▶ Exercise requirements
Since the records include pictures, leave those out while you reproduce exactly and only the lines from the one containing "- Articulating spout" through the one containing "FCT Minister, Nyesom", inclusive.

▶ Records for processing
━━━━━━━━━━━━━━━━

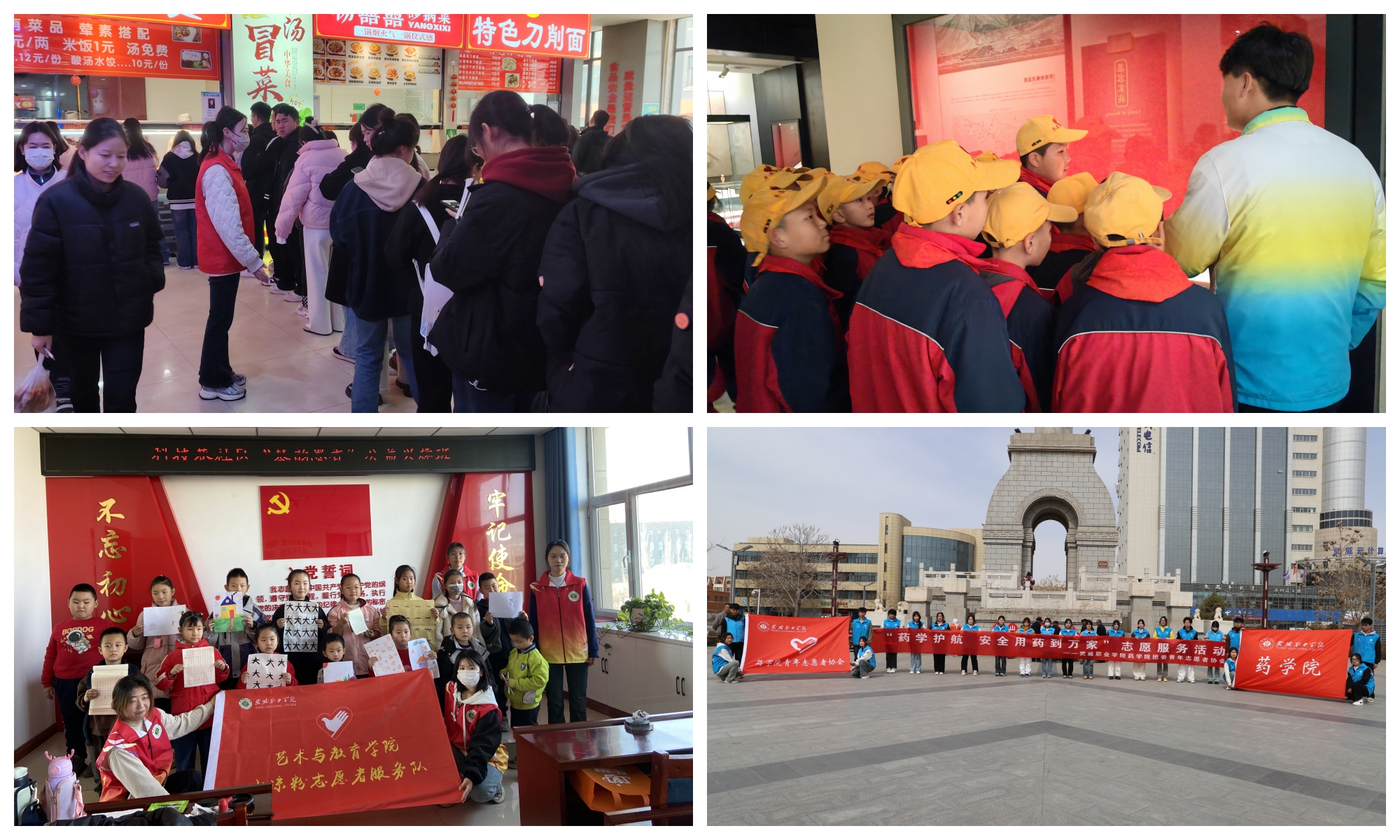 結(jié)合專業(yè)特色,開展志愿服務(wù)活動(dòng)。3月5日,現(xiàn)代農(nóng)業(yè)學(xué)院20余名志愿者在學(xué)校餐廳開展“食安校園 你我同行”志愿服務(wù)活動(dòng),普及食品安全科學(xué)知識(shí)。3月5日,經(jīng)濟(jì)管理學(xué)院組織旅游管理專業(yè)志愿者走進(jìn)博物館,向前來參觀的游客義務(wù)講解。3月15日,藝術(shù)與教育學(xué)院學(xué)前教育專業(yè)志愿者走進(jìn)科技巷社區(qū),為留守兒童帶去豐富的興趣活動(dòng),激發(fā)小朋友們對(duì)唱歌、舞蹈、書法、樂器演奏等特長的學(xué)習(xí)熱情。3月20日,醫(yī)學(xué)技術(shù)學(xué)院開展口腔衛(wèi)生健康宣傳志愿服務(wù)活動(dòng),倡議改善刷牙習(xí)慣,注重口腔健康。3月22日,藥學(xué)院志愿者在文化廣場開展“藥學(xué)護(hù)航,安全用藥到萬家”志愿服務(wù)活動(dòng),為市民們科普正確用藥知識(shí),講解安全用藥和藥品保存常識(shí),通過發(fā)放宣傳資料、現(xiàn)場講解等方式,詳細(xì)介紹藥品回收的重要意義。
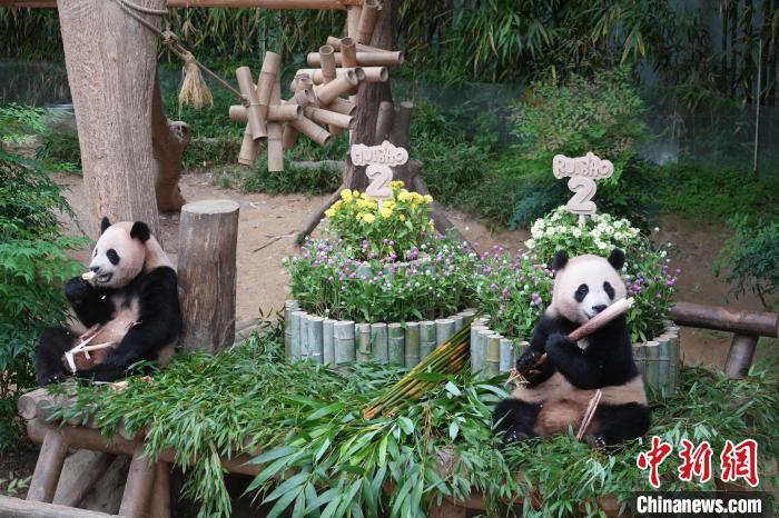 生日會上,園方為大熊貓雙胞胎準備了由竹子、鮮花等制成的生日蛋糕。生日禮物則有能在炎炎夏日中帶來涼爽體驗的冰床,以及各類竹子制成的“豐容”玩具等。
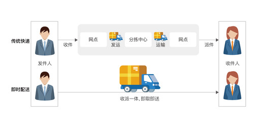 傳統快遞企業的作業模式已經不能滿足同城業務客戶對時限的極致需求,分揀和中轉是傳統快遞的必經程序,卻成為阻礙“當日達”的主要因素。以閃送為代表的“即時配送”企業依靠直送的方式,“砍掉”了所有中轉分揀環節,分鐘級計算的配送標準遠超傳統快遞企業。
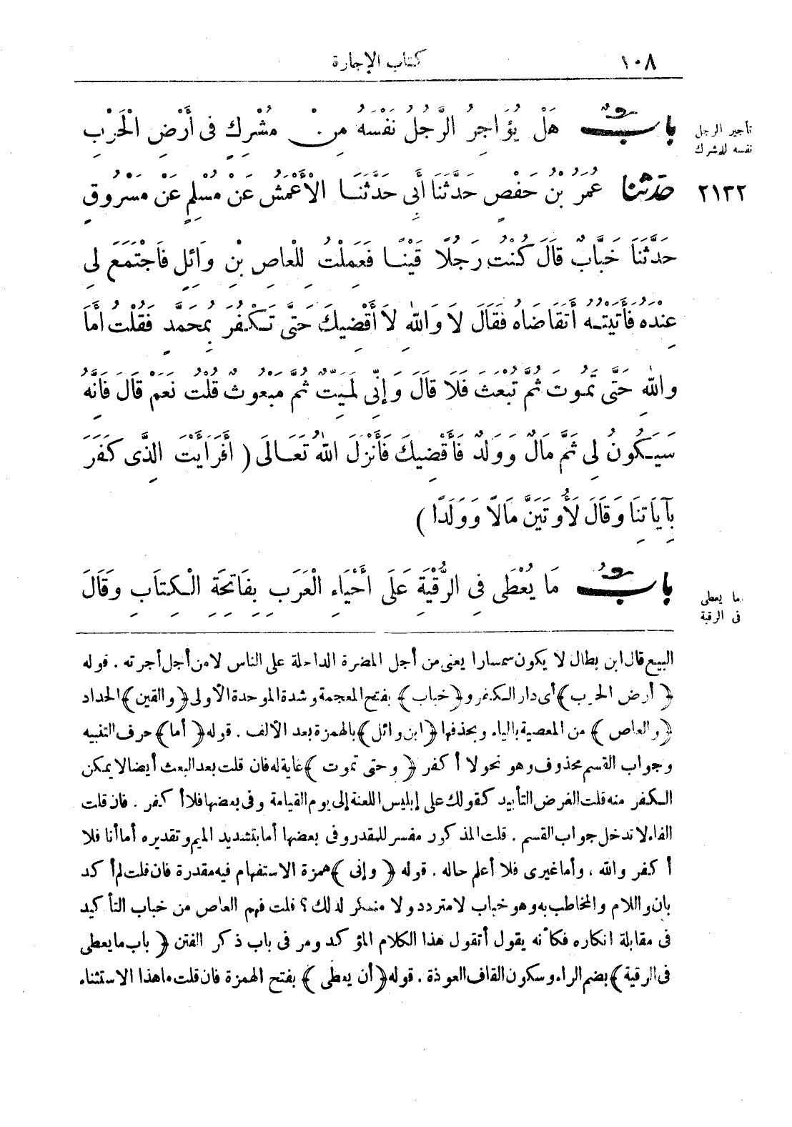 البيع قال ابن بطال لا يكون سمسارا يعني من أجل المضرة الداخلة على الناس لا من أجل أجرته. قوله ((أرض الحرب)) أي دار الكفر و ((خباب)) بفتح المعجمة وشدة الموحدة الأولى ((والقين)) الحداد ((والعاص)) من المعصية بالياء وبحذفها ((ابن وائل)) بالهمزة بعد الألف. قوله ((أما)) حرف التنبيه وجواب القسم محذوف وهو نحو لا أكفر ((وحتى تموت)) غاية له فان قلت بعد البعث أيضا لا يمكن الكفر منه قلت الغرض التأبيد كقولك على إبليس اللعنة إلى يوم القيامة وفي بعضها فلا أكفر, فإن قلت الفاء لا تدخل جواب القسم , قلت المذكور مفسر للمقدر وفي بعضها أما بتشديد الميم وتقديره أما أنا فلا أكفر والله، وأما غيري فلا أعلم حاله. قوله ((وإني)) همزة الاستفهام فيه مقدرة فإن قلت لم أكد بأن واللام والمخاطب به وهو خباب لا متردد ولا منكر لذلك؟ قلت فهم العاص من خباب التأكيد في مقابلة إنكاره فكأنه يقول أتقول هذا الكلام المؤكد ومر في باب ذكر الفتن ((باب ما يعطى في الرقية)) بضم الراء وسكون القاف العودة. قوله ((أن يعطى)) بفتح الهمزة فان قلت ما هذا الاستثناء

━━━━━━━━━━━━━━━━

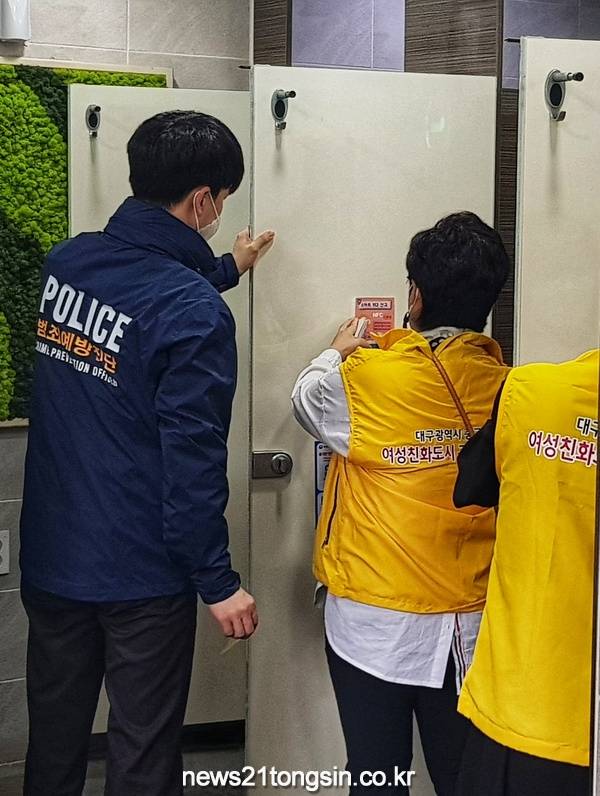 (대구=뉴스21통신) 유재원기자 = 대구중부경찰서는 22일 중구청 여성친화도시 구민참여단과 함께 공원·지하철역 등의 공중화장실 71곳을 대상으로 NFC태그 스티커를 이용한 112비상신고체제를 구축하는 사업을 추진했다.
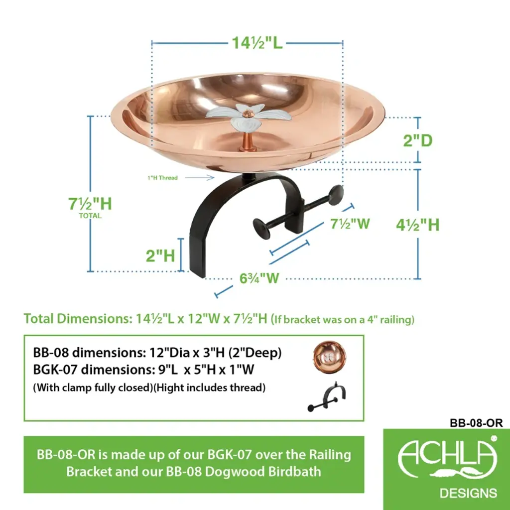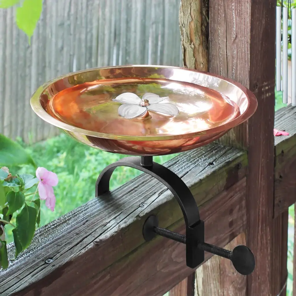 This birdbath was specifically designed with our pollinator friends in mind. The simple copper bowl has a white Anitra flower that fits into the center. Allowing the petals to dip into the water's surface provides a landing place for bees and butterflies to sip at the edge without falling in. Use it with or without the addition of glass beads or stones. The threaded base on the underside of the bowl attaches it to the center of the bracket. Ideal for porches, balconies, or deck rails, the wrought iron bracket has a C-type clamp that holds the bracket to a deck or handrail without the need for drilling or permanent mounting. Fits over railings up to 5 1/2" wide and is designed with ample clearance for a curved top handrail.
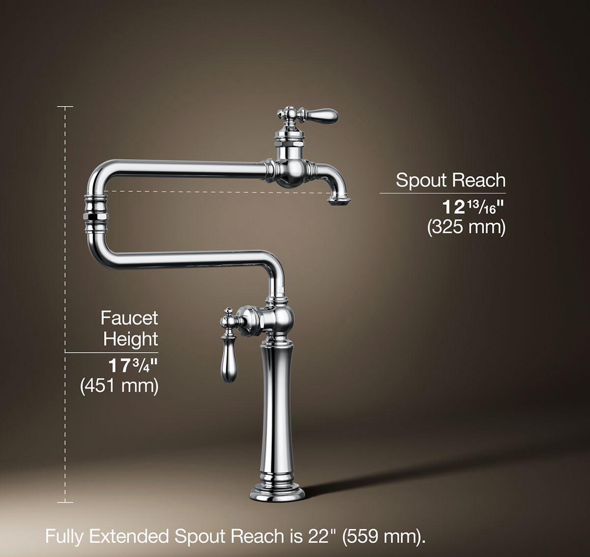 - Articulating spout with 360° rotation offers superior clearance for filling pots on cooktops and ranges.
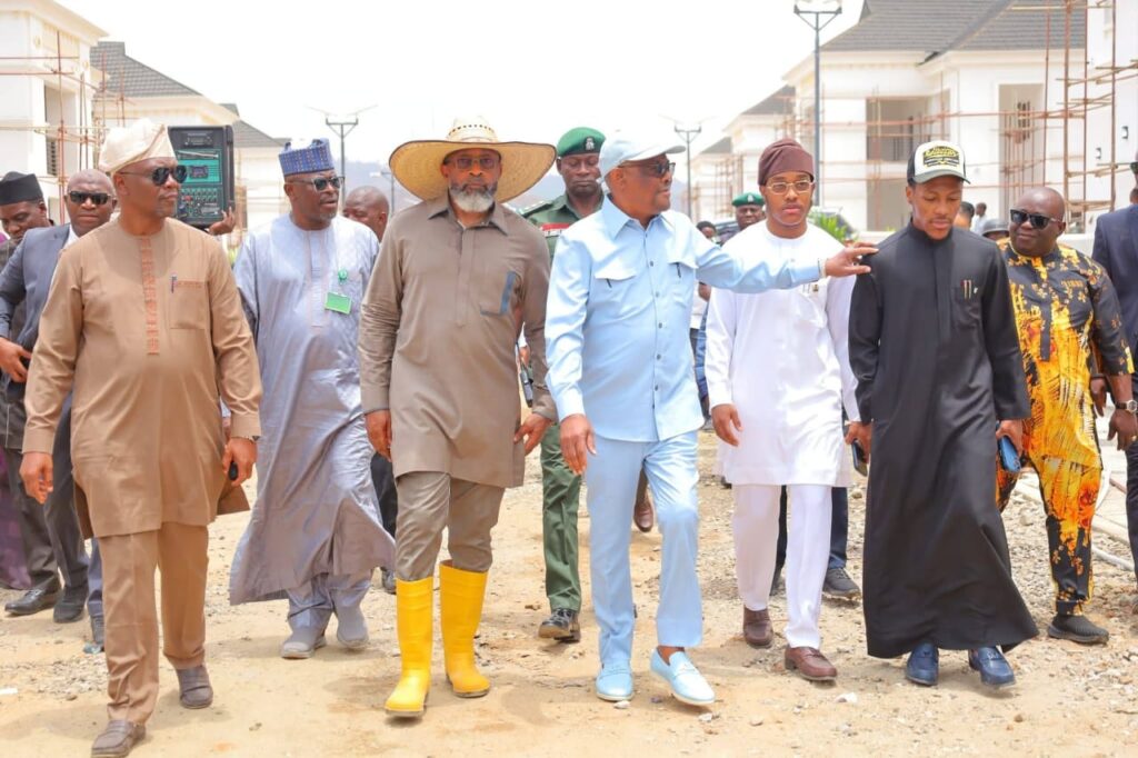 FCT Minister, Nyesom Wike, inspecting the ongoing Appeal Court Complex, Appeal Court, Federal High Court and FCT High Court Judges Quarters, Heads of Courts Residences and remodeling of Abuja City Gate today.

━━━━━━━━━━━━━━━━

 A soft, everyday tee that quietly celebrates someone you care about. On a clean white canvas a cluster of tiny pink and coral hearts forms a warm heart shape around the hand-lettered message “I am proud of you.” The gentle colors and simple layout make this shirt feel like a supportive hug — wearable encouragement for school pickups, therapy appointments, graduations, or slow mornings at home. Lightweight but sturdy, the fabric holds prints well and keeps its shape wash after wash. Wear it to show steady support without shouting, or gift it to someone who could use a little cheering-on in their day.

━━━━━━━━━━━━━━━━

▶ Your response
 - Articulating spout with 360° rotation offers superior clearance for filling pots on cooktops and ranges.
 FCT Minister, Nyesom Wike, inspecting the ongoing Appeal Court Complex, Appeal Court, Federal High Court and FCT High Court Judges Quarters, Heads of Courts Residences and remodeling of Abuja City Gate today.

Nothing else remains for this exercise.